Spirit.Lex is very modular, which follows the general building principle of the Spirit libraries. You never pay for features you don't use. It is nicely integrated with the other parts of Spirit but nevertheless can be used separately to build stand alone lexical analyzers. The first quick start example describes a stand alone application: counting characters, words, and lines in a file, very similar to what the well known Unix command wc is doing (for the full example code see here: word_count_functor.cpp).

Prerequisites

The only required #include specific to Spirit.Lex follows. It is a wrapper for all necessary definitions to use Spirit.Lex in a stand alone fashion, and on top of the Lexertl library. Additionally we #include two of the Boost headers to define boost::bind() and boost::ref().

#include <boost/spirit/include/lex_lexertl.hpp>
#include <boost/bind.hpp>
#include <boost/ref.hpp>

To make all the code below more readable we introduce the following namespaces.

namespace lex = boost::spirit::lex;

Defining Tokens

The most important step while creating a lexer using Spirit.Lex is to define the tokens to be recognized in the input sequence. This is normally done by defining the regular expressions describing the matching character sequences, and optionally their corresponding token ids. Additionally the defined tokens need to be associated with an instance of a lexer object as provided by the library. The following code snippet shows how this can be done using Spirit.Lex.

The template word_count_tokens defines three different tokens: ID_WORD, ID_EOL, and ID_CHAR, representing a word (anything except a whitespace or a newline), a newline character, and any other character (ID_WORD, ID_EOL, and ID_CHAR are enum values representing the token ids, but could be anything else convertible to an integer as well). The direct base class of any token definition class needs to be the template lex::lexer<>, where the corresponding template parameter (here: lex::lexertl::lexer<BaseIterator>) defines which underlying lexer engine has to be used to provide the required state machine functionality.
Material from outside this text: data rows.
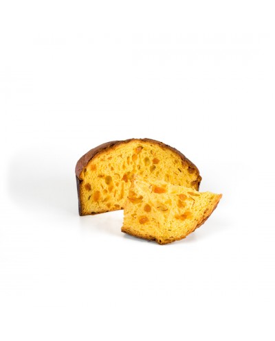 Panettone artigianale da 1 kg, a lievitazione naturale, che unisce sapori delicati e inusuali. L'impasto, soffice e profumato, è arricchito con succose pesche candite e aromatizzato con pregiato zafferano di Sicilia (spesso indicato come zafferano puro). Un dolce senza uvetta né scorze d'arancia candita, che offre un trionfo di morbidezza, un colore ambrato e un profumo delicato.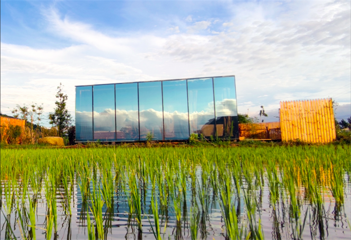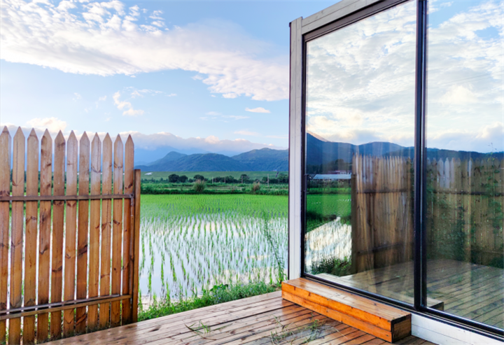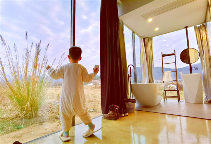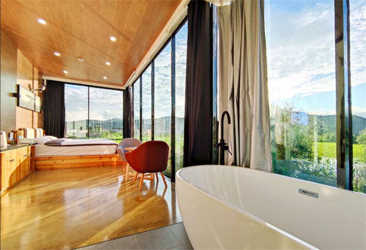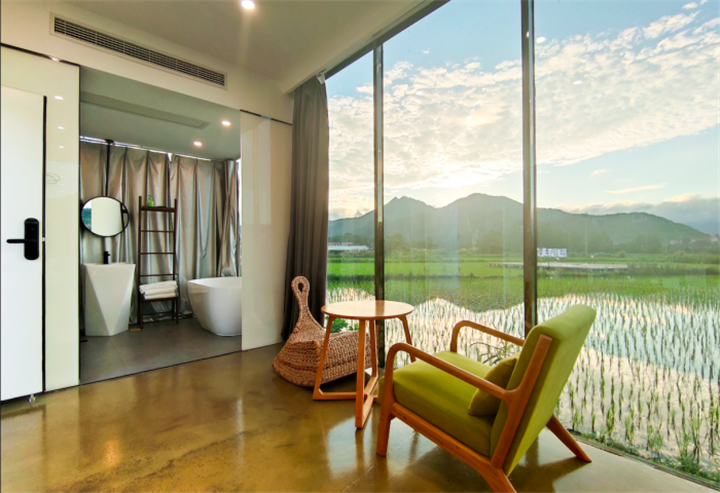 ②配套设施:天空之镜区;270度全景玻璃、稻田全景、山景、电动窗帘、中央空调、智能马桶、小院子,有独立院落,有浴缸,独立卫生间。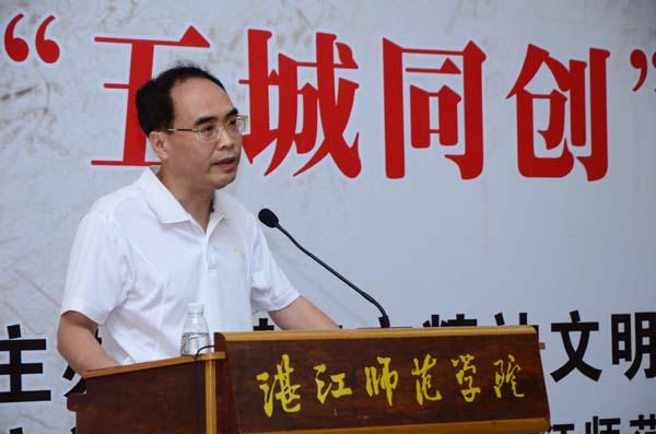 广东省教育厅6月20日讯 6月18日下午,由湛江市精神文明建设委员会办公室主办的“道德讲堂——五城同创与市民实践”专场活动在湛江师范学院图书馆学术报告厅开展。本次道德讲堂由湛江师范学院党委宣传部部长、副研究员陈恕平主讲。湛江各县(市、区)文明办主任、市文明委成员单位分管领导、市“五城同创”志愿者代表、市民代表及以及湛江师范学院师生代表等共230人参加了本次活动。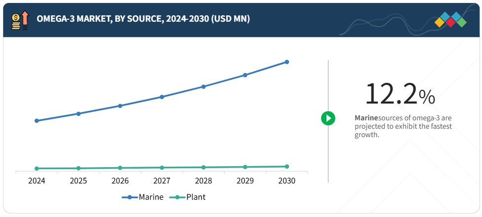 海洋由来のオメガ3は、体内で直接利用可能な必須脂肪酸であるEPAとDHAを高い濃度で含有しているため、生体利用率と効果が向上し、より人気が高く広く利用されています。さらに、海洋由来のものはタンパク質、ビタミン、ミネラルなどより包括的な栄養プロファイルを提供することが多く、栄養価をさらに高めています。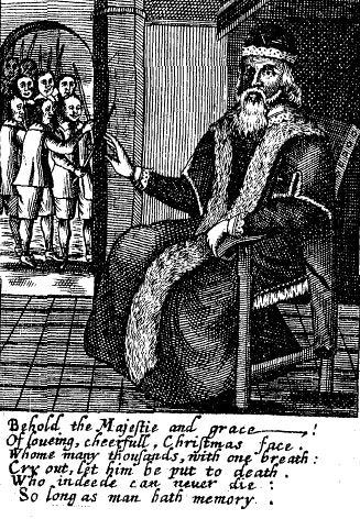 Babbo Natale in un’incisione del 1686 di Josiah King’s, dal titolo The Examination and Tryal of Father Christmas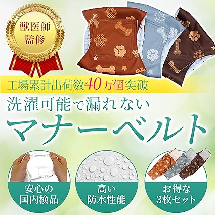 【獣医師監修のマナーベルト】マーキングやおもらし対策、介護時などに大活躍の漏れにくいマナーベルトです。吸水層付きで漏れをしっかりガード。色の違う3枚のセットになっており、見た目の可愛さもポイントです。XS、S、Mの3サイズ用意いたしましたので、ワンちゃんのサイズに合わせてお選びください。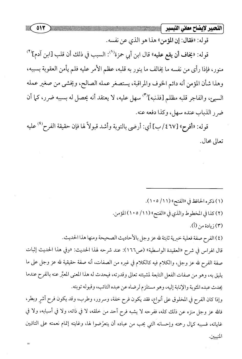 وإذا كان الفرح في المخلوق على أنواع، فقد يكون فرح خفة، وسرور، وطرب، وقد يكون فرح أشرٍ وبطر، فالله عَزَّ وَجَلَّ منزه عن ذلك كله، ففرحه لا يشبه فرح أحد من خلقه، لا في ذاته، ولا في أسبابه، ولا في غاياته، فسببه كمال رحمته وإحسانه التي يحب من عباده أن يتعرّضوا لها، وغايته إتمام نعمته على التائبين المنيبين. =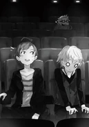 In the theatre, Hachiman notices its mostly student over summer break and briefly sees Yumiko with some friends and Zaimokuza alone in the front row. Hachiman isn't really paying attention to the movie, as he is too happy being with Totsuka.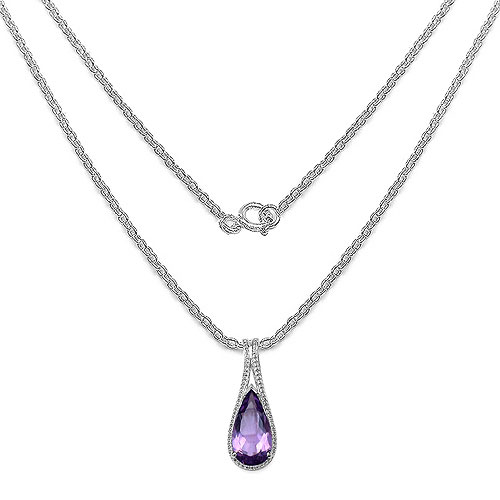 Collier/ Halskette mit großem Tropfen - Anhänger Amethyst in 5,05 Karat - 925 Sterling Silber-Rhodiniert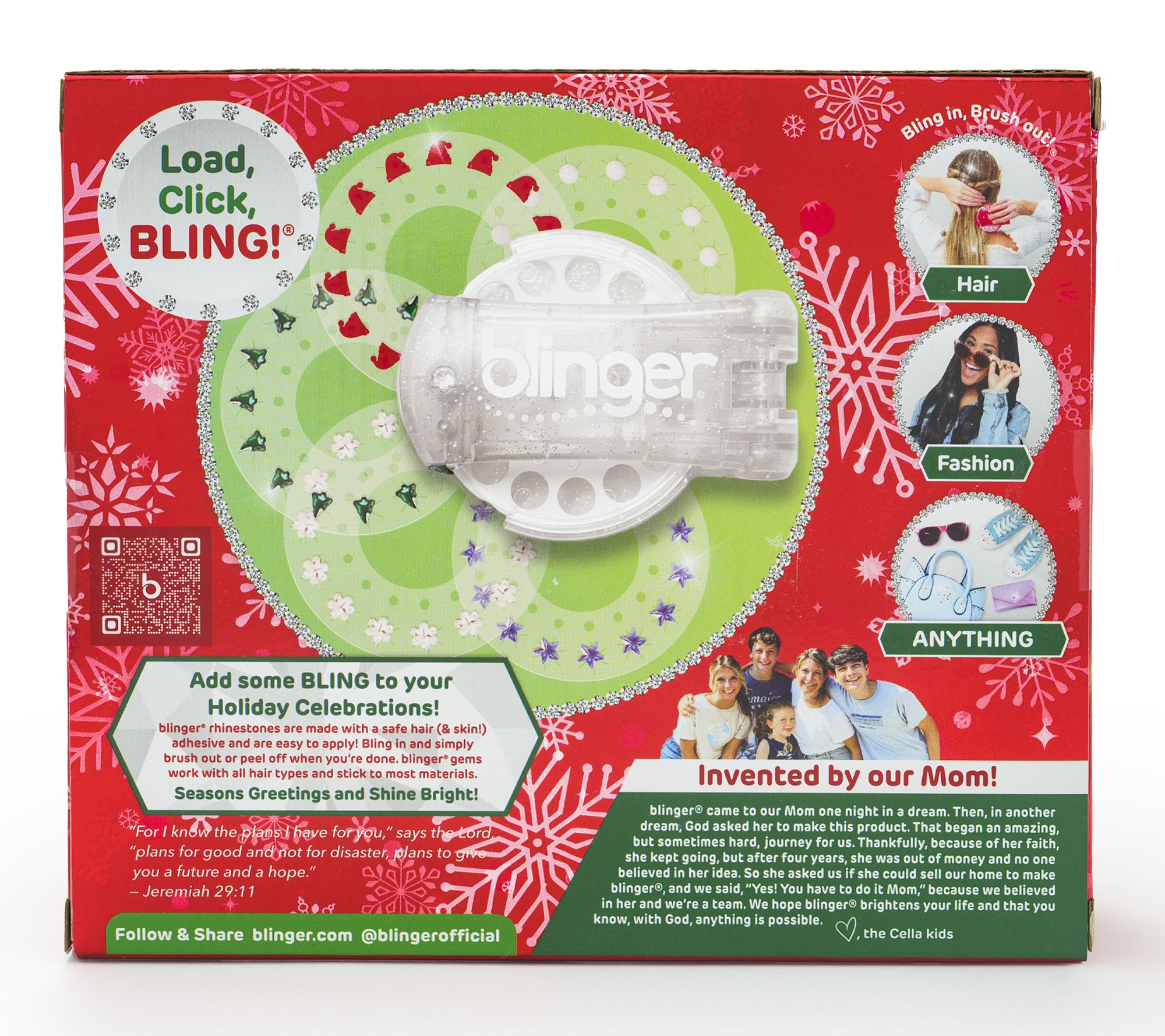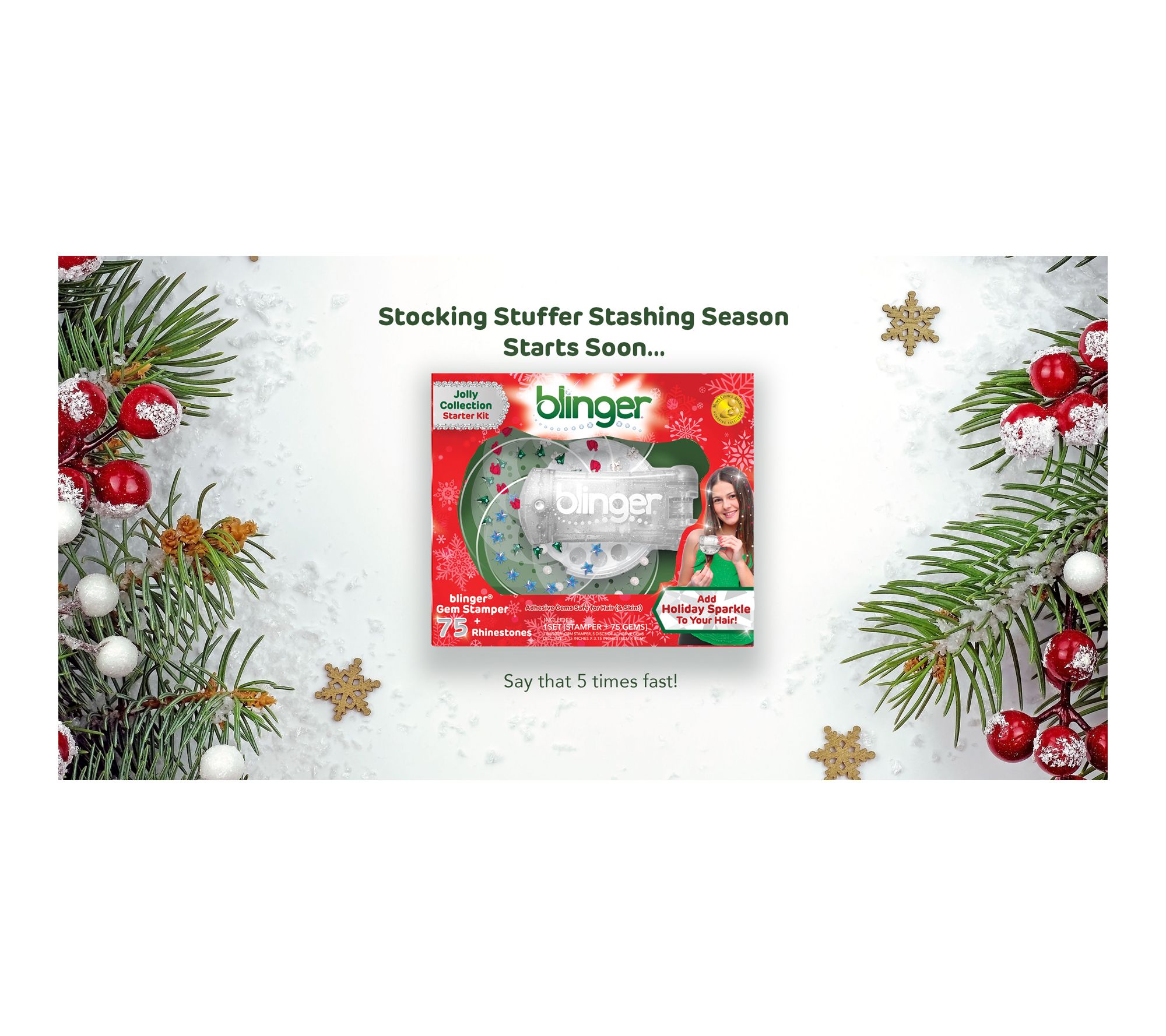 Sparkle lighting up your socials this holiday? You'll low-key love adding it to your festive look with the Blinger Gem Stamper Jolly starter set, designed to capture the magic of sparkling decorations on a snowy night. The styling tool makes it simple to pop the pretty rhinestones into hair or accessories -- just load, click, and decorate. The adhesive gems are designed to stay in place until you brush them out, letting you rizz up your style for parties, dances, or everyday fun. From Blinger.

In this example we use the Lexertl based lexer engine as the underlying lexer type.

template <typename Lexer>
struct word_count_tokens : lex::lexer<Lexer>
{
    word_count_tokens()
    {
        // define tokens (the regular expression to match and the corresponding
        // token id) and add them to the lexer 
        this->self.add
            ("[^ \t\n]+", ID_WORD) // words (anything except ' ', '\t' or '\n')
            ("\n", ID_EOL)         // newline characters
            (".", ID_CHAR)         // anything else is a plain character
        ;
    }
};

Doing the Useful Work

We will use a setup, where we want the Spirit.Lex library to invoke a given function after any of of the generated tokens is recognized. For this reason we need to implement a functor taking at least the generated token as an argument and returning a boolean value allowing to stop the tokenization process. The default token type used in this example carries a token value of the type boost::iterator_range<BaseIterator> pointing to the matched range in the underlying input sequence.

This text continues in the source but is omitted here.